In schools, Taylor wants menstrual health literacy taught as standard curriculum, absence policies that recognise chronic pain and better training for school nurses and counsellors.
In workplaces, she calls for flexible work policies, stigma-free health conversations and manager education that reflects fluctuating symptoms.
“Supportive environments reduce long-term harm,” Taylor says. “When someone’s symptoms are believed and validated early, it can completely change the trajectory of their health and wellbeing. Today, workplaces also have easy access to practical tools so there really is no excuse not to support people properly.”

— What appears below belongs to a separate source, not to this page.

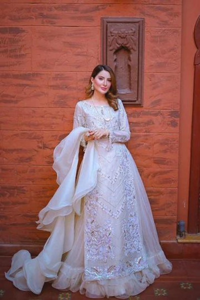 Nyla Rajah stuns in our signature ivory,ethereal ensemble intricately detailed in mukesh,milky stones,richly carved beads, crafted to perfection with a crushed organza lower!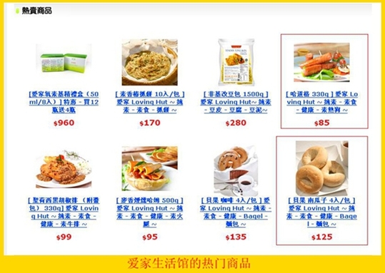 爱家的纯素食商品出奇的贵。上图中一份普通的素食热狗标价是85美元,一包四袋装的南瓜子面包要125美元,爱家的收入可见一斑。

The reforms that would change outcomes fastest
If Taylor could prioritise urgent reforms, she would focus on system design that reflects the reality of living with endometriosis:
- Medicare reform for complex chronic care so longer consultations and teams are properly funded
- expand multidisciplinary care rebates so pelvic physio and psychology are accessible
- earlier intervention pathways with clear national referral guidelines
- workforce training with pelvic pain education built into GP and allied health training
- sustained research investment, especially in non-surgical management and pain science
“We need system design that reflects the complexity of this condition,” she says.
The bottom line
For anyone second-guessing their symptoms, Taylor keeps it clear.
“If your pain is impacting your life, it matters,” she says. “Pain that stops you studying, working, sleeping, or functioning is not ‘normal.’ You deserve investigation. You deserve support. You deserve coordinated care.”
If your body is starting to feel like it is shrinking your life, that is reason enough to seek clearer next steps and stronger support.